What really stands out to me is the comparison of what’s in the White House:
In 1968, we elected Richard Nixon, who turned out to have bugged the DNC at the Watergate hotel, the corruption around which got him to resign his office and made him notorious as a terribly corrupt president, but he was an intelligent president, and he actually cared about the good of the nation, and founded the Environmental Protection Agency despite the environment not being a major political issue at the time. He also cared about health insurance reform for working-class people, children and the poor, supported HMOs and Medicare. He was interested and competent in world peace and non-cowboy diplomatic negotiations. People cared about the corruption scandal, and he left office rather than face the judgement of Congress.

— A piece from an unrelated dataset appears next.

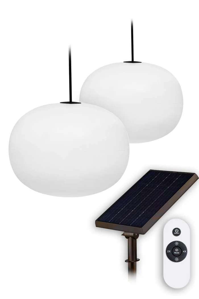 Fazit: Mit der Solar Hängeleuchte Garten im praktischen 2er-Set bringen Sie stilvolle und flexible Beleuchtung in Ihren Garten und Außenbereich. Die weißen Kugelleuchten sind über ein 200 cm langes Kabel miteinander verbunden und lassen sich dank integrierter Ösen mühelos an Haken, Pergola-Konstruktionen oder Ästen befestigen – ideal für jeden Outdoor-Bereich oder auch als Baumbeleuchtung perfekt nutzbar. Die Steuerung erfolgt bei den Kugelleuchten bequem per Fernbedienung: Stellen Sie die Helligkeit stufenlos ein, aktivieren Sie die Timer-Funktion oder schalten Sie das Licht nach Wunsch ein und aus. So passt sich Ihre Außenbeleuchtung jederzeit Ihren aktuellen Bedürfnissen an. Bei Bedarf kann der integrierte 5000mAh-Akku aber auch bequem über eine externe Stromquelle per USB-C aufgeladen werden (Kabel wie oben beschrieben nicht enthalten). Das gibt maximale Flexibilität bei jedem Wetter. Ob gemütliche Sommerabende auf der Terrasse oder lange Nächte beim Zelten: Der wiederaufladbare Li-Ion-Akku (2x2500mAh) liefert bis zu 10 Stunden warmweißes Licht (2,4 W | 240 Lumen | 2500 K) – stimmungsvoll und ausdauernd.

In 2020, we’ve had four years with a corrupt idiot as president who doesn’t seem to actually care about much of anything except himself and siphoning as much wealth and power as possible to the ultra-rich. He’s been trying to undermine and abolish as many environmental protection policies as possible. He’s been trying to help Republicans erode or eradicate the Affordable Care Act, Medicare, Social Security, the United States Postal Service, etc etc etc. He’s an international laughing stock and horrifies our allies with his incompetent, ignorant and blustery loose-cannon international relations. When impeached by the House, as with the Muller investigation and the emoluments violations and the insane nepotism towards Kutchner and his daughter not to mention his own profiteering, he tried to make out that he was a victim of conspiracies. And the news media and far too much of the public largely don’t seem to think any of the endless list of misbehavior or idiocy warrants throwing him out of office.